Date: 2008-04-17 05:28 pm (UTC)
From: [identity profile] mattcaron.livejournal.com
Better than EA and WotC (http://www.indiepressrevolution.com/).

Date: 2008-04-17 05:47 pm (UTC)
From: [identity profile] kizayaen.livejournal.com
Fair enough, but that's not really related to the point I was making.

Date: 2008-04-17 06:34 pm (UTC)
From: [identity profile] mattcaron.livejournal.com
Me? Go off on random tangents? Never! :-)

Re: I need a different icon for this...

Date: 2008-04-18 12:58 am (UTC)
From: [identity profile] mattcaron.livejournal.com
You keep using that word. I do not think it means what you think it means.

Date: 2008-04-17 11:23 am (UTC)
From: [identity profile] ghostdandp.livejournal.com
When I deploy a computer I almost never deploy new mice/keyboards (unless it's from a old dell with a ps/2 to a new dell with only USB). I have too many users who like to spill coffee on peripherals to do that. I'd have to be placing monthly orders for new parts.

Date: 2008-04-17 01:28 pm (UTC)
From: [identity profile] ghostdandp.livejournal.com
See you guys do things the right way. YOu have a budget, you can buy a spare part.

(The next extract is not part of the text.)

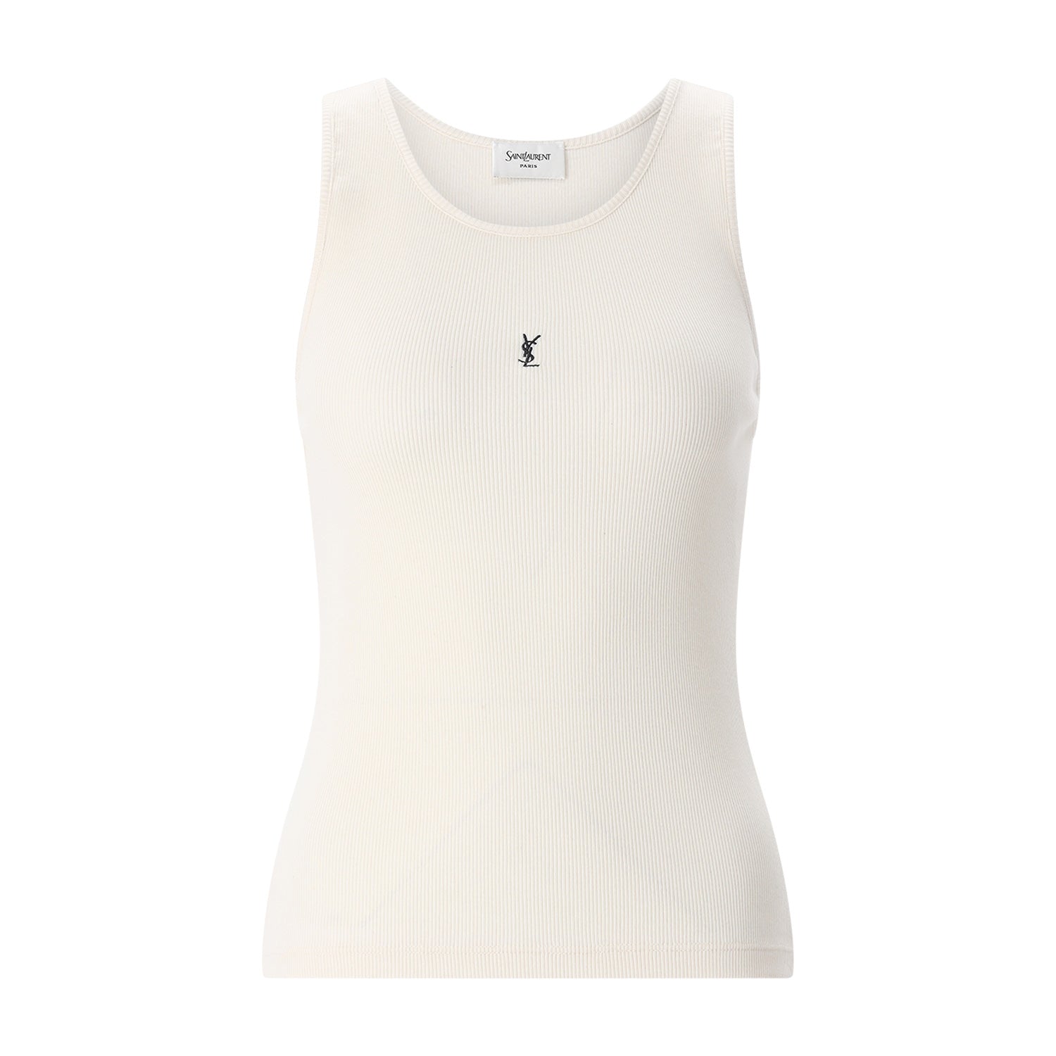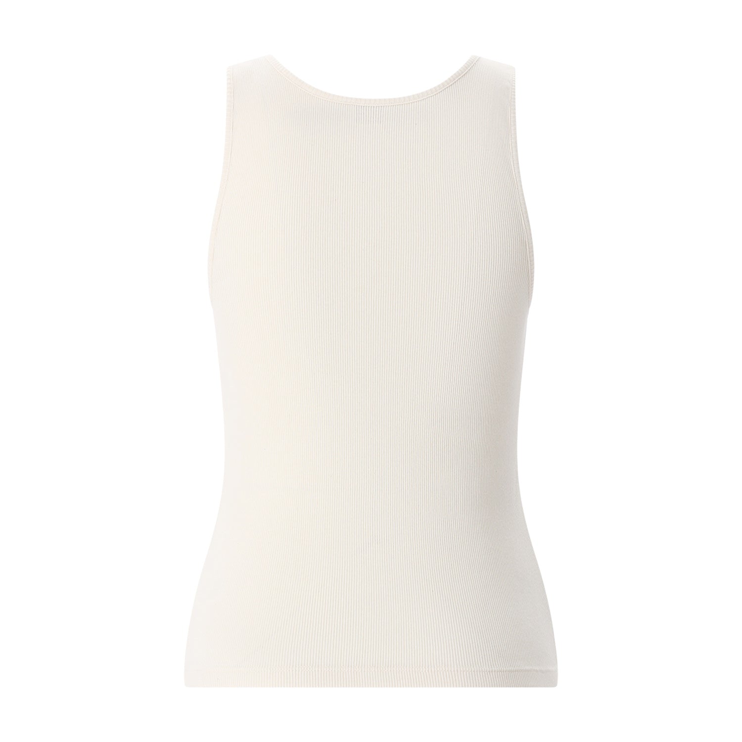 Dieses in Italien gefertigte Top aus reiner Baumwolle zeichnet sich durch seine feine Rippstrick-Struktur aus, die für eine präzise Passform und ein besonders angenehmes Tragegefühl sorgt. Ein zentral platziertes Logo-Detail setzt einen dezenten Akzent und vervollständigt das minimalistische Design.

Support does not have a budget here (beyond our own equipment, which isn't much, I'm still on a Latitude D600) anything I want to purchase has to be approved by the department I am purchasing it for. It's a sucky setup, because I have 3 departments that share office space in different locations. So if I wanted to purchase 10 keyboards for spares I'd have to wait for the 3 department heads to duke it out and figure out who was going to pay for what percentage. And then they complain when I have to order everything peice by peice and they have to wait for it to be shipped.

And my users do eat keyboards and mice I think. I deployed 12 computers last month. Maybe 2 of them I felt hte need to replace the keyboard/mouse because of old equipment. So that leaves 10 extras. I have 3 left.

Date: 2008-04-17 01:46 pm (UTC)
From: [identity profile] ghostdandp.livejournal.com
We get that "OMG We need a computer now!!!!111eleventy!!!" thing all the time too. I guess that's a good thing about our setup, cause I get to look at them blankly and say "You'll have to wait, you just told me to order one this morning. Dell has up to 2 weeks to ship to us." (We order everything custom built and customized to our needs) Sometimes if they are lucky we can throw them a "about to be retired" machine. Nothing like running Autocad2008 on a 1.8Ghz P4 machine with 1GB of ram to make a new user feel real at home.

Date: 2008-04-17 05:30 pm (UTC)
From: [identity profile] mattcaron.livejournal.com
About 2 years ago, I gave the FNG a Sparc 20...

Date: 2008-04-17 11:28 am (UTC)
From: [identity profile] major-error.livejournal.com
Having done a couple system refreshes similar to this (in the past), all I can say in response is wow.
You've got a couple of extra-super-special snowflakes on your hands. I don't see how any marginally skilled person can mess this up.
  • "remove all existing hardware." check.
  • "install new hardware" check.
  • "clean up wiring and make presentable" want velcro zip-ties w/ that?
...bunch of underdeveloped, knuckle-dragging monkeys... o.O
Hell, I could manage deploying 2-3 a day, *and* supervise the image & app installation at the same time.

Date: 2008-04-17 01:56 pm (UTC)
From: [identity profile] freaktech.livejournal.com
You are being completely reasonable. I managed a large swap out for a Health care provider in our area recently. 5000+ systems. It was me and two other guys doing exactly what you were doing and we were putting out 24-30 a day.

Date: 2008-04-17 03:40 pm (UTC)
From: [identity profile] miertam.livejournal.com
WOW! I have to say, to screw up that bad takes talent.

By myself last January (crunch time) in a three day period I built(clean physical, clean electronically, install XP, install Office, install other software)36 computers. I wasn't deploying them so we have to spend some time moving from office to office. But I wasn't working with new computers I was working with the junk we get donated to get those 36 I went through about 50.

20 in five days with new hardware LUXURY!. I would have to spend the last couple days making forts out of the empty boxes.